Information for STOR 565 (Spring 2014)
Note: Information subject
to change. Please check back for changes.
learning refers to a broad family of methods for gaining
information about a phenomena or object of interest from
empirical observations. Machine learning draws on ideas from
statistics, optimization, computer science, and probability,
and has been used to address a number of substantive applied
problems. STOR 565 is an advanced-undergraduate /
masters level course intended to provide a broad-based
introduction to machine learning that is suitable for students
with appropriate mathematical and statistical background.
Prerequisites: MATH 233,
STOR 215 or MATH 381, STOR 435, and MATH 547 (linear
algebra). Recommended: STOR 555 (statistical
inference).

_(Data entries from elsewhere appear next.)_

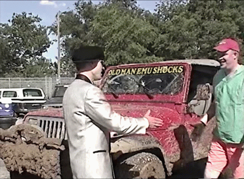 Two men shake hands next to a very muddy red Jeep, which has "OLD MAN EMU SHOCKS" on its windshield.
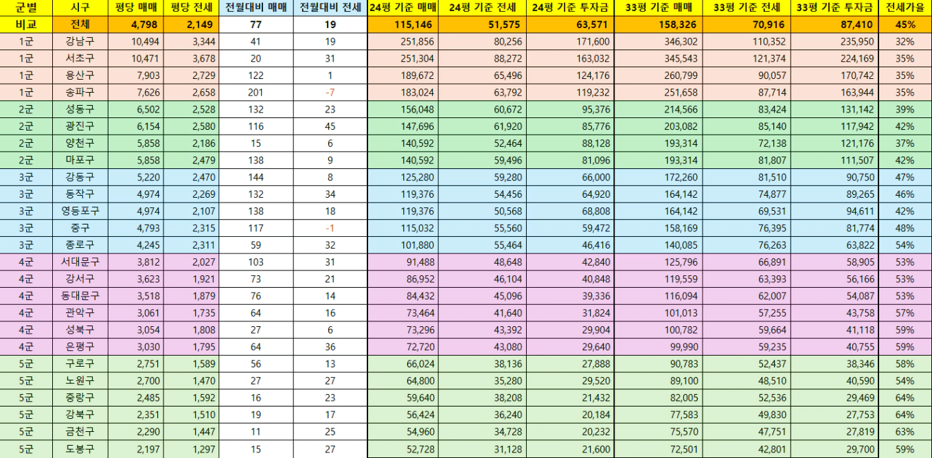 서울,수도권,광역시 매매/전세 평단가, 투자금 및 전세가율을 정리하였으니,
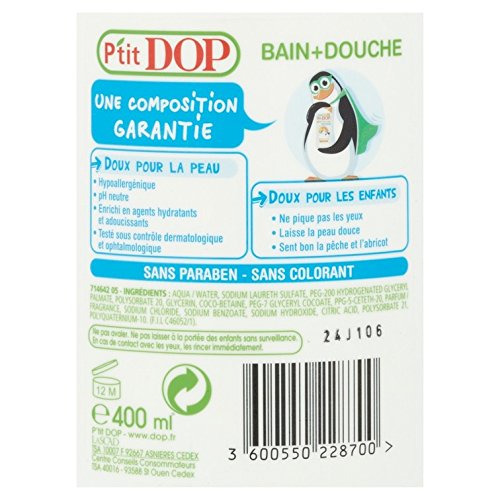 - Avec P'tit DOP Shampooing Pêche/Abricot, faites du shampooing un moment de plaisir pour votre enfant. Le parfum gourmand de la pêche et de l'abricot parfumera délicieusement les cheveux de votre enfant. Enrichi en agents hydratants et adoucissants, les cheveux de votre enfant garderont toute leur douceur. Doux pour les cheveux : hypoallergénique, pH neutre, testé sous contrôle dermatologique et ophtalmique, sans paraben, sans colorant.
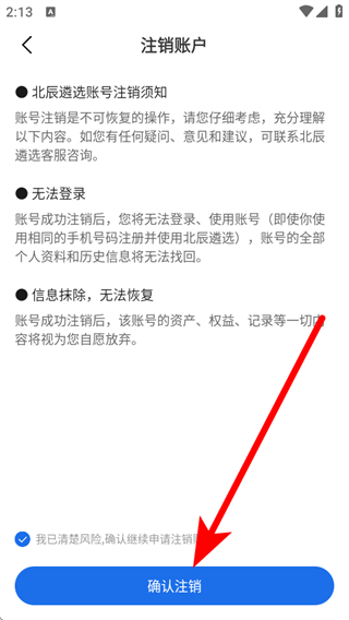 4、在说明页面,勾选同意后点击确认注销,完成账号注销操作。
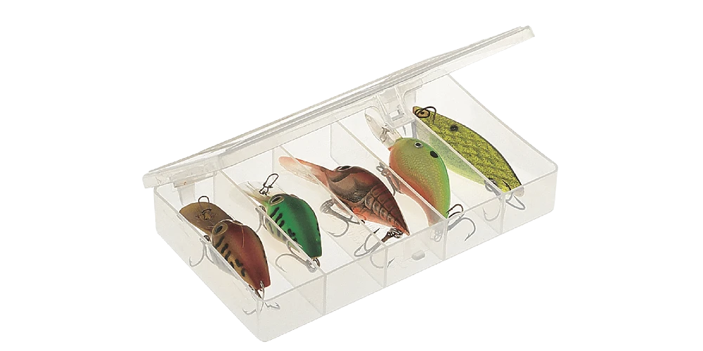 A simple and small utility box from plano, perfect for storing small jigs and other weights, and other accessories. This box features 5 fixed compartments and is clear for easy identification. Â
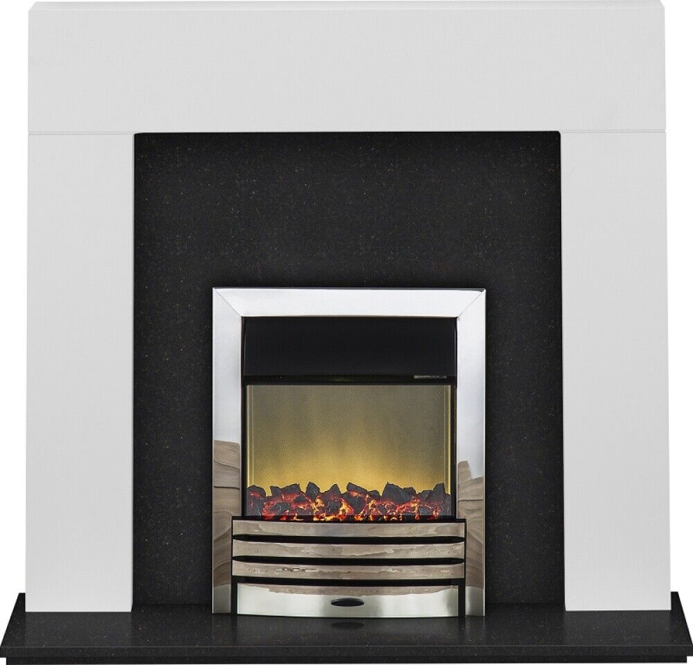 Adam Miami Fireplace Suite in Pure White and Granite with Eclipse Electric Fi...
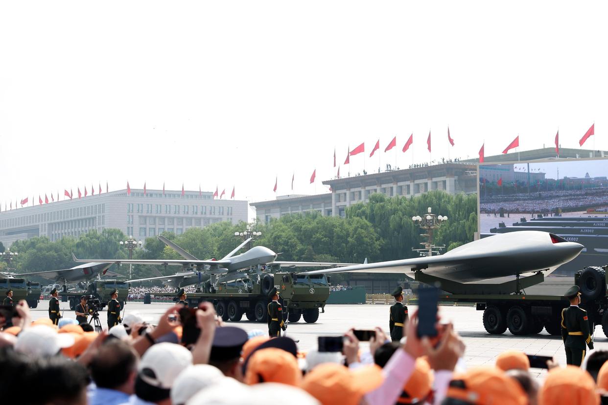 這是空中無人作戰(zhàn)方隊(duì)接受檢閱
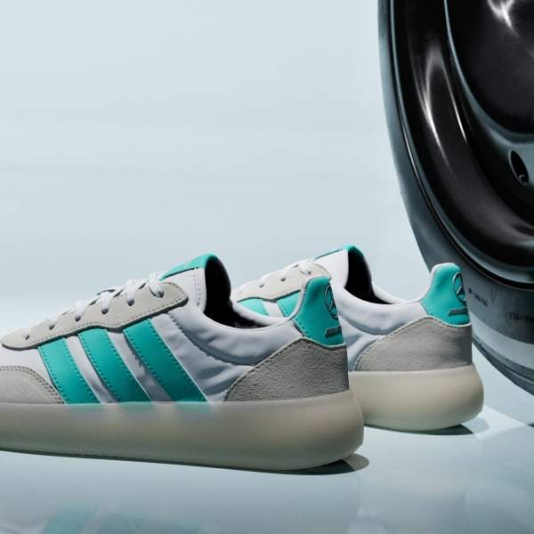 Embrace the future of motorsport style with the Mercedes - AMG Petronas Formula One Team Barreda Decode Shoes: a terrace-inspired design for modern wearers.The T-toe design seamlessly blends heritage with modern flair, making them a great addition to your collection. The combination of suede and durable nylon offers a distinctive blend.The cupsole construction enhances comfort, providing a contemporary look that stands out. Lace up for a secure fit that adjusts to your needs.Whether you're strolling through the city or making a statement at an event, these adidas shoes are your go-to choice for effortless style and comfort.
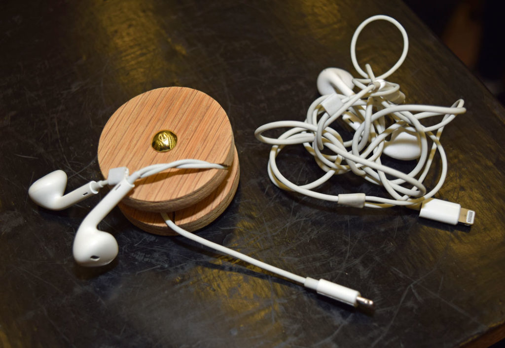 – Vi ville bruke tre, sier Emma Elise Aakre (til v), Helene Nærum og Tuva Borgersen. Med den kjekke lille saken PS Reel, kan du holde styr på øreproppene dine.
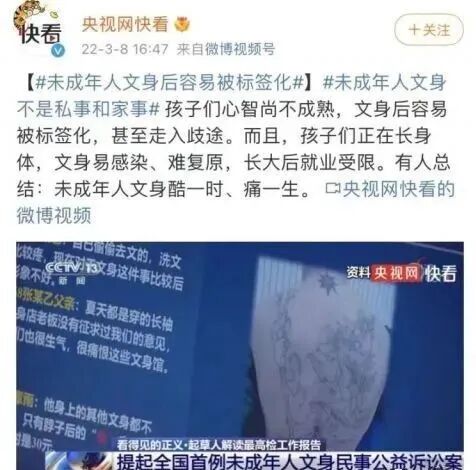在央视新闻 “解读最高检工作报告”中,最高人民检察院办公厅主任马骐表示,未成年人文身不是私事,也不是家事,而是关系到未成年人身心健康的大事。孩子们心智尚不成熟,文身后容易被标签化,甚至走入歧途。
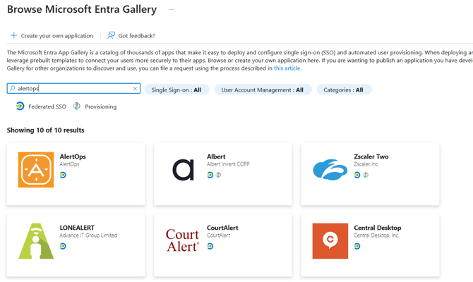 - From this screen, search AlertOps from the gallery. Select the AlertOps icon from the search results.
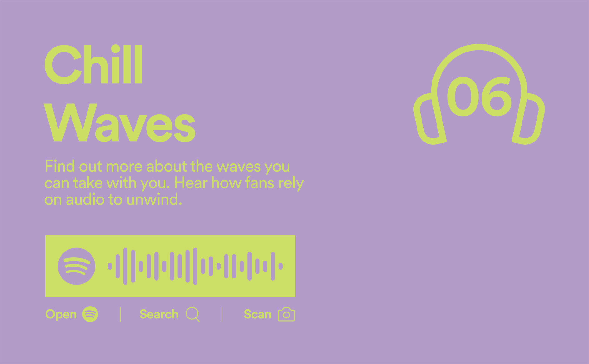 Utilizing Spotify's "Streaming Intelligence" we created an audio-based experience that set to unlock the power of creativity in the very medium the message would be delivered in. But this wasn't just a podcast. Using 'Exhibition-style' Spotify Codes (a unique way for Spotify users to discover and share content) we contextualized the creative to the to the listeners environment, mood or mindset - the same way listeners do when they open up Spotify.
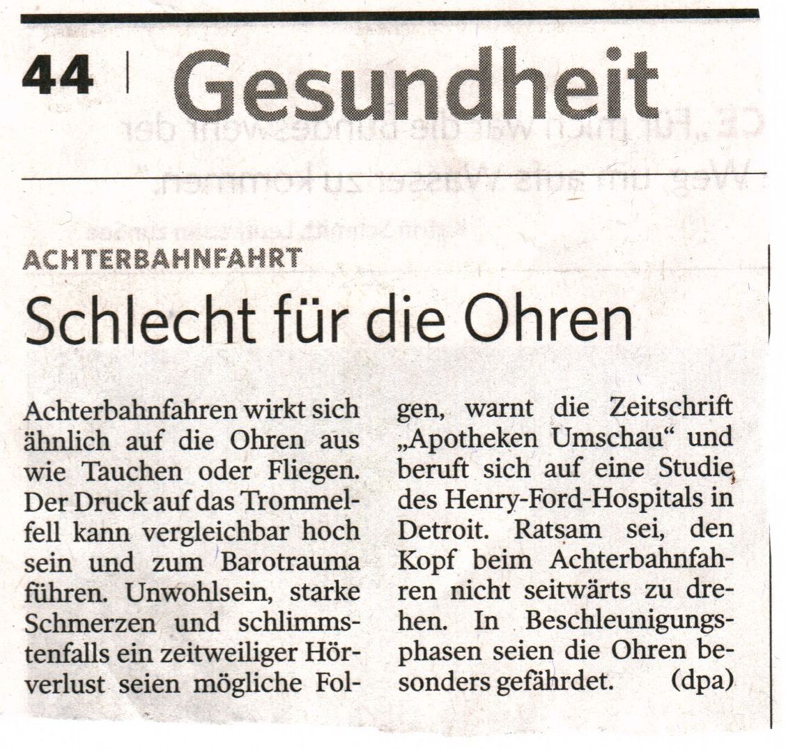 Das mit den Ohren kann ich nur zu gut bestätigen. Lag drei Tage im Krankenhaus, da ich beim "FLASH" eine Überkopffahrt durch die Station mitmachen durfte. Ergebnis war ein Ausfall des Gleichgewichtorgans. S

Some prior experience with basic programming
is desirable, but is not required.
Class Meetings: Class will be held Tuesday and Thursday
2:00 - 3:15pm in Hanes 130. In addition, there will weekly
review session on Wednesday from 6-7:30pm in Hanes 130,
run by the TA.
Registration: Enrollment and registration for
the course is handled by Christopher Schrieber in the
Department of Statistics and Operations Research. Mr.
Schrieber can be reached by email at
email@example.com. Please note that the
instructor does not have control over the class rolls.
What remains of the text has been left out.